Arsenic (As) and fluoride (F−) in groundwater are increasing global water quality and public health concerns. The present study provides a deeper understanding of the impact of seasonal change on the co-occurrence of As and F−, as both contaminants vary with climatic patterns. Groundwater samples were collected in pre- and post-monsoon seasons (n = 40 in each season) from the Brahmaputra flood plains (BFP) in northeast India to study the effect of season on As and F− levels. Weathering is a key hydrogeochemical process in the BFP and both silicate and carbonate weathering are enhanced in the post-monsoon season. The increase in carbonate weathering is linked to an elevation in pH during the post-monsoon season. A Piper diagram revealed that bicarbonate-type water, with Na+, K+, Ca2+, and Mg2+ cations, is common in both seasons. Correlation between Cl− and NO3 − (r = 0.74, p = 0.01) in the post-monsoon indicates mobilization of anthropogenic deposits during the rainy season. As was within the 10 µg L−1 WHO limit for drinking water and F− was under the 1.5 mg L−1 limit.

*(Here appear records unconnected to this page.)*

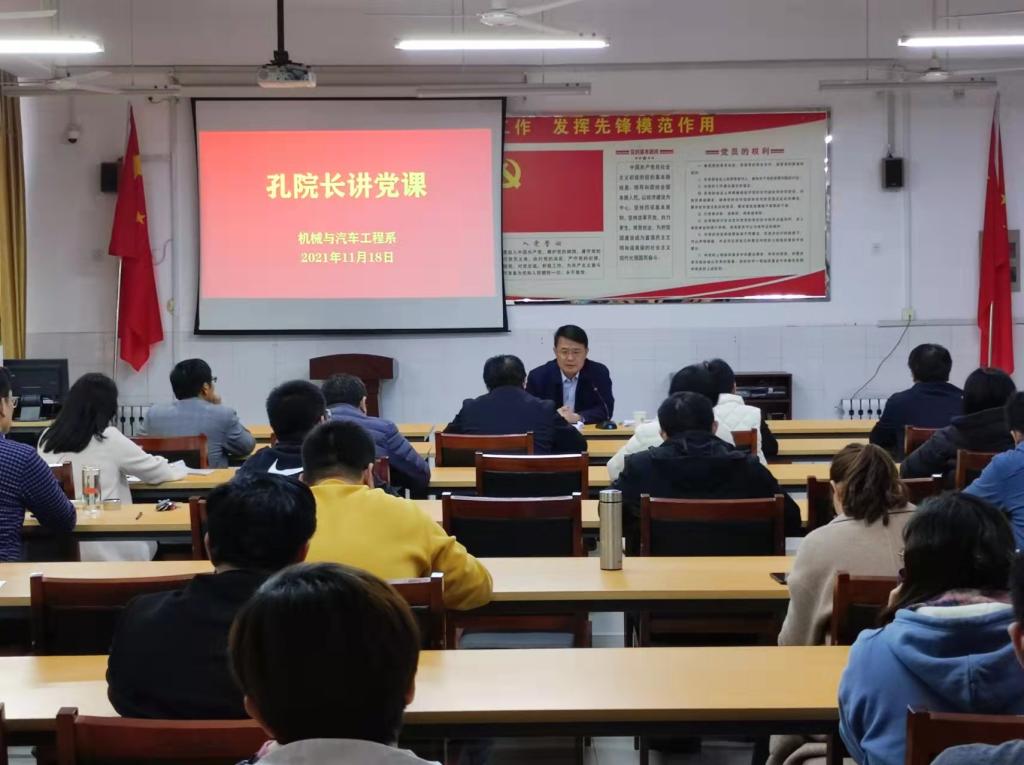 11月18日下午,学院党委副书记、院长孔祥敏到机械与汽车工程系,给教师党员和学生党员上了一堂题为《从百年党史中汲取奋进力量推动学校事业高质量发展》的党课。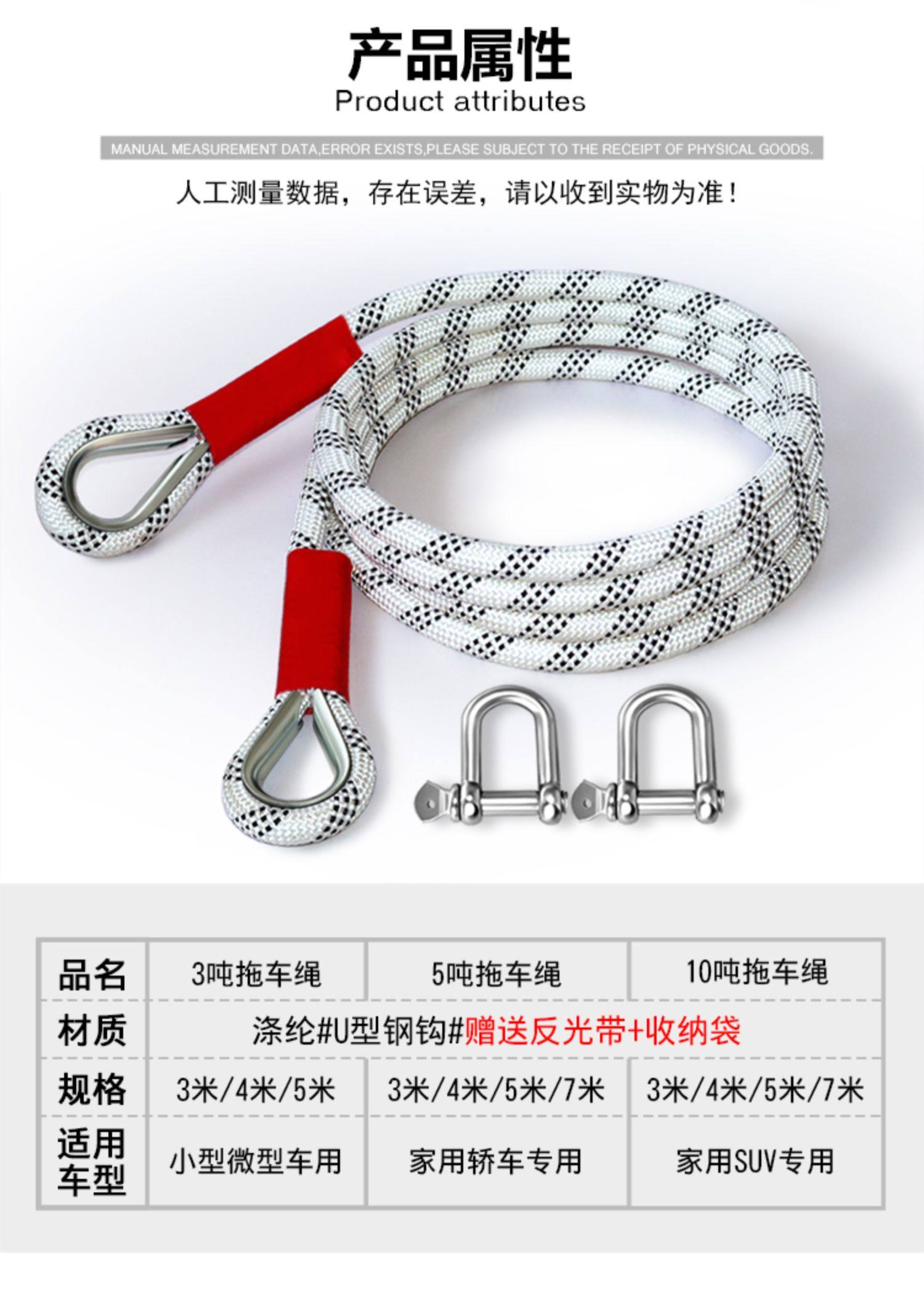| Color Classification | 3.3m Tons [Small U-Hook + Reflective Tape + Storage Bag] - Specifically for Small and Micro Cars,4.3m Tons [Small U-Hook + Reflective Tape + Storage Bag] - Specifically for Small and Micro Cars,5.3m Tons [Small U-Hook + Reflective Tape + Storage Bag] - Specifically for Small and Micro Cars,3.5m Tons [Small U-Hook + Reflective Tape + Storage Bag] - Specifically for Sedans,4.5m Tons [Small U-Hook + Reflective Tape + Storage Bag] - Specifically for Sedans,5.5m Tons [Small U-Hook + Reflective Tape + Storage Bag] - Specifically for Sedans,7.5m Tons [Small U-Hook + Reflective Tape + Storage Bag] - Specifically for Sedans,3.1m Tons [Medium-Sized American Steel Hook + Reflective Tape + Storage Bag] - Specifically for Home Use Suvs,4.1m Tons [Medium-Sized American Steel Hook + Reflective Tape + Storage Bag] - Specifically for Home Use Suvs,5.1m Tons [Medium-Sized American Steel Hook + Reflective Tape + Storage Bag] - Specifically for Home Use Suvs,7.1m Tons [Medium-Sized American Steel Hook + Reflective Tape + Storage Bag] - Specifically for Home Use Suvs,4.18m Tons [Large American Steel Hook + Reflective Tape + Storage Bag] Universal for All Vehicle Series,5.18m Tons [Large American Steel Hook + Reflective Tape + Storage Bag] Universal for All Vehicle Series,7.18m Tons [Large American Steel Hook + Reflective Tape + Storage Bag] Universal for All Vehicle Series,9.18m Tons [Large American Steel Hook + Reflective Tape + Storage Bag] Universal for All Vehicle Series,5.25m Tons [Large American-Style Steel Hook + Reflective Tape + Storage Bag] - Specifically for Medium Trucks,7.25m Tons [Large American-Style Steel Hook + Reflective Tape + Storage Bag] - Specifically for Medium Trucks,9.25m Tons [Large American-Style Steel Hook + Reflective Tape + Storage Bag] - Specifically for Medium Trucks,5.3m Tons [Large American Steel Hook + Reflective Tape + Storage Bag] for Large Trucks,7.3m Tons [Large American Steel Hook + Reflective Tape + Storage Bag] for Large Trucks,9.3m Tons [Large American Steel Hook + Reflective Tape + Storage Bag] for Large Trucks |
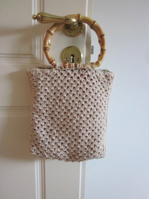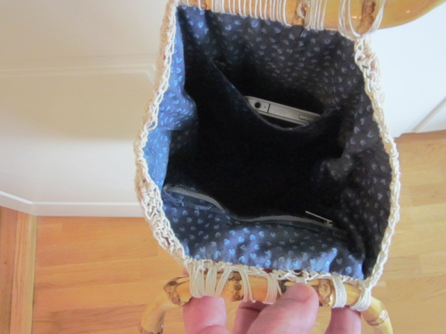 Men jag tar saker och ting i lite tidsföljd. Under de sista dagarna på min första semesterperiod virkade jag en pytteväska till Tina. Hon hade en förlaga i svart och ville ha en ljus också. Jag hade restgarn låg, från en rund matta som jag virkade nån gång i början på 80-talet, den är sedan länge utsliten och kastad, men restgarnet fanns kvar. Jag virkade i grupper om tre stolpar så det blev lite hålmönster. Därför är den fodrad med dubbla tyger, först ett rosa med rätsidan utåt så det lyser igenom lite grann och sedan ett mer neutralt med rätsidan inåt. Sydde också dit ett telefonfack och en ficka med dragkedja.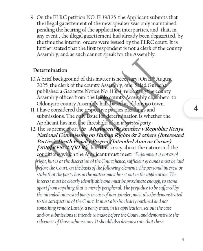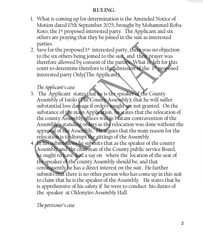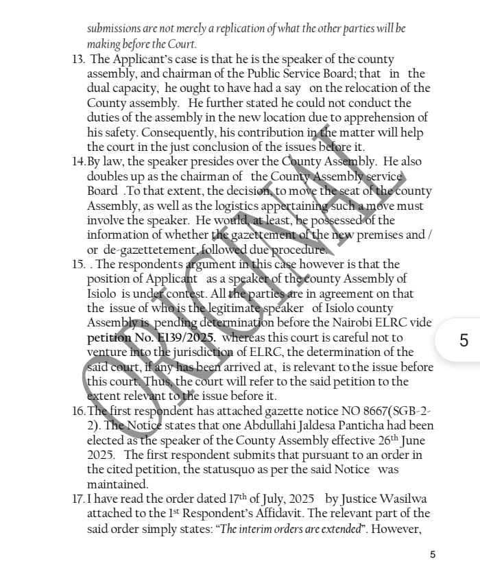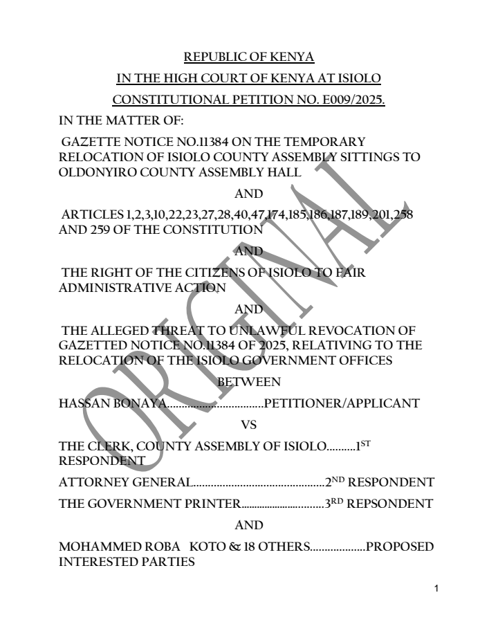 The case centered on Gazette Notice No. 11384, issued on August 25, 2025, which temporarily relocated County Assembly sittings to Oldonyiro amid security concerns and renovations at the main chambers in Isiolo town.

A negative correlation between oxidation reduction potential and groundwater As in both seasons (r = −0.26 and −0.49, respectively, for pre-monsoon and post-monsoon, p = 0.05) indicates enhanced As levels due to prevailing reducing conditions. Reductive hydrolysis of Fe (hydr)oxides appears to be the predominant process of As release, consistent with a positive correlation between As and Fe in both seasons (r = 0.75 and 0.73 for pre- and post-monsoon seasons, respectively, at p = 0.01). Principal component analysis and hierarchical cluster analysis revealed grouping of Fe and As in both seasons. F− and sulfate were also clustered during the pre-monsoon season, which could be due to their similar interactions with Fe (hydr)oxides. Higher As levels in the post-monsoon appears driven by the influx of water into the aquifer, which drives out oxygen and creates a more reducing condition suitable for reductive dissolution of Fe (hydr)oxides. An increase in pH promotes desorption of As oxyanions AsO4 3− (arsenate) and AsO3 3− (arsenite) from Fe (hydr)oxide surfaces. Fluoride appears mainly released from F−-bearing minerals, but Fe (hydr)oxides can be a secondary source of F−, as suggested by the positive correlation between As and F− in the pre-monsoon season.